Taking the time to listen to complete strangers.

What is it about talking to a complete stranger these days that makes the majority of people feel strange? Why is the stranger so different to us and why do we feel they don’t deserve our full attention and deepest respect?

All of us are broken people in one way or another. Yes, some may externalise it more and often present as irrational or even attention seeking. Is this true? Just because a person seems more broken than me does not mean its true? Frequently in my experience, the people who appear to have more raw emotions or irrational thoughts around things and responses to circumstances end up being able to hold a much more meaningful conversation.

I was riding my old 2005 Suzuki SV1000 the other day. It was a beautiful day and I decided to head down to a small coastal town like the one I live in about twenty kilometres away.

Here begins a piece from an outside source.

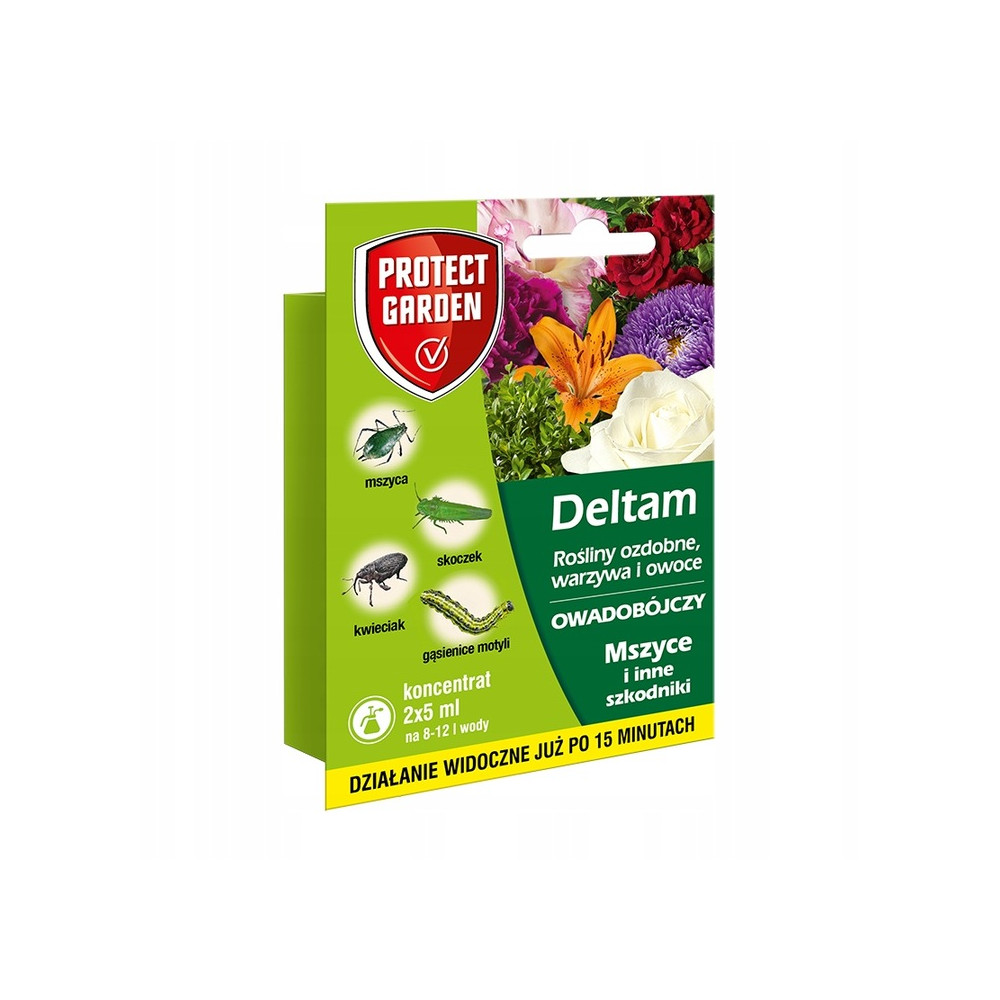 Deltam Ogród zwalcza larwy i chrząszcze stonki ziemniaczanej, kwieciaka jabłkowica i kwieciaka malinowca, bielinka kapustnika i bielinka rzepnika, skoczki, w tym skoczka melisowego i różanego, porazika kocankowego, mszyce, gąsienice motyli.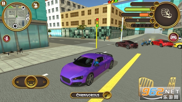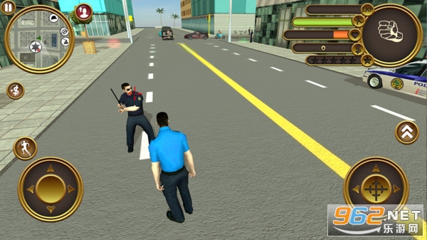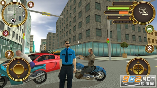 一款城市犯罪题材的3D模拟类游戏,游戏画面简单,你将扮演重新上位的强人,你可以自由自在的在城市中穿行,可以偷窃别人的车,去执行各种任务,在路上你要躲避警察的追捕,不管是自行车、摩托车还是汽车都可以自由驾驶,灵活控制角色的行走方向,拿着各种武器装备,还可以瞄准建筑物开火并摧毁。

It’s much quieter this time of year than the other coastal places including where I live. ( Peak season here now) IMG_0541It has a beautiful grassed section next to the beach and the ocean with some picnic tables. I parked my bike, this is the picture I took and decided to sit on one of picnic tables.

I was sitting there about ten minutes enjoying my sunshine and fresh air. The views and the serenity of it all make the experience sensational. I sit with a meditative mindset. Not zoned out from the world but just letting my mind and thoughts relax. I am not forcing any relaxation methods on myself or having any expectations. I just breathe gently and enjoy the moment. So many meditation methods that are offered these days. I have been reading the “Tibetan Book of Living and Dying” I have found the meditation suggestions in here very helpful.

“The Buddha taught, 84,000 ways to tame and pacify the negative emotions, and in Buddism, there are countless methods of meditation. I have found three meditation techniques that are particularly effective in the modern world and anyone can practice and benefit from. They are using an object, reciting a mantra, and “watching” the breath.” p. 69

So a car pulls up near my motorbike and an elderly lady gets out and said, ” Would it bother you if my friend and I join you at the picnic table”? I said, “no problems at all.” In my mind, I was imagining, “I guess I won’t be sitting here long” now because my peaceful meditative mindset has been disrupted. The two elderly ladies proceed to unload the car with all their picnic supplies including a nice tablecloth.

They were eating and drinking and just enjoying the moment when one of them started to talk to me. One was older than the other and both noticeably were very close friends and it was evident they knew each other like sisters. Consequently, as the conversation deepened I realised they had known each other for years with no biological connections or marital associations.

These women jumped quickly into some spiritual inquiries about me and my life to date. One said, ” you are on a spiritual journey. “In my mind, “aren’t we all” however, I knew she was referring to my unusual life and journey in her experiences and perception of life and people. The older of the two discussed her deceased husband who was a medium and both met on a Yoga retreat. She was seventy-six and practice Yoga her whole life and had survived three husbands and left one. She also had children and was on holidays from the UK. The other after sharing her Irish heritage and involvements and thoughts around the Catholic church as a child and her dissatisfaction with all religious institutions. Disclosed an expressed very deep emotions surrounding her son who took his own life a couple years ago.

The ladys were lovely and great conversationist. I could write a whole blog just on the depth and engagement they offered me. I shared and disclose some deeply personal experiences and thoughts about my experience in religious institution and God. I also shared my current experience in my spiritual practices. I felt very comfortable around these women and they also expressed the joy they got from talking with me. I was going to leave at one point because I thought I may have been interrupting the time together. However, the older of the two said, ” where have you got to go to”? I said,”nowhere really.” So we all laughed and the conversation continued for about three hours.

The lady from the UK wanted my phone number and I offered my email which she confessed was of not much use. However, she asked if I would mind if she rang me some time to see what the next chapters in my life would be. I joked about stalking me, she laughed and said, “I am very interested in how your life unfolds.” Both ladies have travelled the world and experience loss and grief like all of us. However, they have a lovely relationship and I felt very privileged to be invited to their picnic and share some life stories.

This highlights the importance of being in the present moment and having a level of flexibility that involves others at times changing your expectations and ideas on how a day might unfold. I was not expecting such a life-giving conversations with two complete strangers. I was planning to just “be” Consequently, on reflection of the day I am so thankful for life’s experiences and the blessing each day can offer. The ladies were a blessing and provided a experience that was memorable and beautiful.

“Once you realize that the road is the goal and that you are always on the road, not to reach a goal, but to enjoy its beauty and its wisdom, life ceases to be a task and becomes natural and simple, in itself an ecstasy.”